The longan honey has high market value, has adulteration phenomenon, seriously affects the benefits of consumers and bee farmers, and restricts the development of the longan honey industry.
Therefore, it is necessary and urgent to establish a method for distinguishing longan honey.
Disclosure of Invention
In order to solve the technical problems, the invention provides a longan extract, a preparation method thereof and a method for identifying longan honey. Can be used for judging authenticity of longan honey
In a first aspect, the present invention provides a longan extract having a structure represented by formula 1:
through research on longan honey, the invention discovers that a new compound longan essence is contained in the longan honey, and the compound can be used as a characteristic plant compound marker of the longan honey. In particular, the compound combines trans-abscisic acid and cis-trans-abscisic acid, and can be used for accurately judging the authenticity of longan honey.
In a second aspect, the invention also provides a preparation method of the longan extract, which is obtained by separating terpene components in honey by high performance liquid chromatography, wherein the honey comprises longan honey.
Preferably, in the high performance liquid chromatography separation, the mobile phase A is an aqueous acetic acid solution with a concentration of 0.18-0.22%, and the mobile phase B is a methanol acetic acid solution with a concentration of 0.18-0.22%; and/or, gradient elution is employed; and/or the chromatographic column adopts a Phenomenex Gemini C18 chromatographic column.
Further preferably, the gradient elution procedure is:
0-11 min, the mobile phase B rises from 9% to 14%;
11-14 min, the mobile phase B rises from 14% to 15%;
14-17 min, and the mobile phase B is kept at 15%;
17-24 min, the mobile phase B rises from 15% to 16%;
the mobile phase B rises from 16% to 17% after 24-28 min;
28-30 min, the mobile phase B rises from 17% to 22%;
30-38 min, the mobile phase B rises from 22% to 25%;
the mobile phase B rises from 25% to 30% after 38-41 min;
41-46 min, the mobile phase B rises from 30% to 33%;
46-55 min, and 33% of mobile phase B;
55-60 min, the mobile phase B rises from 33% to 34%;
60-70 min, and the mobile phase B rises from 34% to 35%;
70-80 min, and the mobile phase B rises from 35% to 36%;
80-90 min, the mobile phase B rises from 36% to 45%;
90-100 min, the mobile phase B rises from 45% to 52%;
100-110 min, the mobile phase B rises from 52% to 57%;
110-120 min, the mobile phase B rises from 57% to 65%;
120-130 min, the mobile phase B rises from 65% to 70%;
130-135 min, the mobile phase B rises from 70% to 80%;
the volume sum of the mobile phase A and the mobile phase B is 100%. In the invention, the mobile phase A changes along with the volume change of the mobile phase B, and the sum of the volumes of the mobile phase A and the mobile phase B is 100%. The longan honey separation system of the invention combines the specific elution program and conditions on the basis of adopting the fixity and the mobile phase, so that the separation and enrichment effect is greatly improved.
Preferably, a Phenomenex Gemini C18 column is used; the flow rate is 0.6-0.8 mL/min, the sample injection amount is 20+ -2 mu L, the column temperature is 34-36 ℃, and the detection wavelength is 280+ -10 nm.
Further preferably, mobile phase a is an aqueous acetic acid solution having a concentration of 0.2%, and mobile phase B is a methanol acetic acid solution having a concentration of 0.2%; the flow rate was 0.7mL/min and the column temperature was 35 ℃.

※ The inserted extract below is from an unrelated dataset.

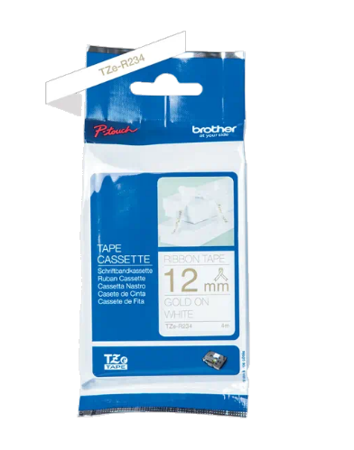 Taśma wstążkowa Brother TZE-R234 12mm x 4m złoty nadruk / białe tło do drukarki Brother PTD200, Brother PTH105, Brother PTH500, Brother PTP750W, Brother PTP900W, Brother PTP710BT, Brother PTD800W, Brother PTP950NW, Brother PTD200BWVP, Brother PTD210, Brother PTD210VP, Brother PTD400, Brother PTD450VP, Brother PTD600VP, Brother PTH105WB, Brother PTH107B, Brother PTH110, Brother PTP300BT, Brother PTP910BT, Brother PT1000, Brother PT1000L, Brother PT1010, Brother PT1090, Brother PT1230PC, Brother PT1260VP, Brother PT1280DT, Brother PT1290, Brother PT1750, Brother PT18R, Brother PT2030VP, Brother PT2420PC, Brother PT2430PC, Brother PT2480, Brother PT2700VP, Brother PT2730VP, Brother PT3600, Brother PT7100VP, Brother PT7500VP, Brother PT7600VP, Brother PT9500PC, Brother PT9600, Brother PTD200VP, Brother PTH300, Brother PTP700, Brother PTP750TDI, Brother PT1005, Brother PT1010L, Brother PT1080, Brother PT1800, Brother PT1950, Brother PT2100, Brother PT2470, Brother PT9200DX, Brother PT9400, Brother PTH75. OryginalnaTaśma wstążkowa Brother TZE-R234 to gwarancja wysokiej jakości produktu i dobrej ceny! Oferujemy tanie materiały eksploatacyjne do drukarek Brother. Przekonaj się sam zamawiając już teraz w naszym sklepie online www.everprint.pl!

Further preferably, the high performance liquid chromatography further comprises the step of extracting terpene components in the honey by a solid phase extraction column before the high performance liquid chromatography separation; specifically, the Strata-X-A solid phase extraction column is adopted for extraction, methanol is used as an activating agent, water is used as a balancing agent and a eluting agent, a methanol solution of formic acid with the concentration of 9-11% (preferably 10%) is used as an eluting agent, and finally, the obtained eluting solution is dried, re-dissolved by methanol and filtered to obtain the product.
Further preferably, the pore size of the filter membrane at the time of filtration is 0.22. Mu.m.
Further preferably, the eluent is a methanol solution of formic acid with a concentration of 10%.
According to the invention, by adopting the extraction method, the interference of moisture and sugar in the longan honey can be effectively removed, and the effective enrichment of the target component longan extract is realized.
Preferably, the method comprises the steps of preprocessing honey before separating terpene components in the honey by high performance liquid chromatography, and preferably comprises the following steps: mixing honey with water, regulating pH value to 6.5-7, centrifuging at 8800-9200 rpm for 18-22 min, and collecting supernatant. Preferably, the pH is adjusted to 6.8 and centrifuged at 9000rpm for 20min.
The pretreatment of the invention is preferably carried out with the addition of water in an amount sufficient to dissolve the honey and facilitate the subsequent operation.
Preferably, after the terpene component in the honey is separated by high performance liquid chromatography, the target peak eluent is collected, wherein the retention time of the target peak is 67.45min.
In a third aspect, the invention also provides the application of the longan extract or the longan extract prepared by the preparation method of the longan extract in longan honey identification.
In a fourth aspect, the invention also provides a method for identifying longan honey, which comprises the steps of detecting terpene components in the honey to be detected through a high performance liquid chromatography, and judging that the honey to be detected is the longan honey when the terpene components contain trans-abscisic acid, longan extract and cis-and trans-abscisic acid; the longan extract is described above.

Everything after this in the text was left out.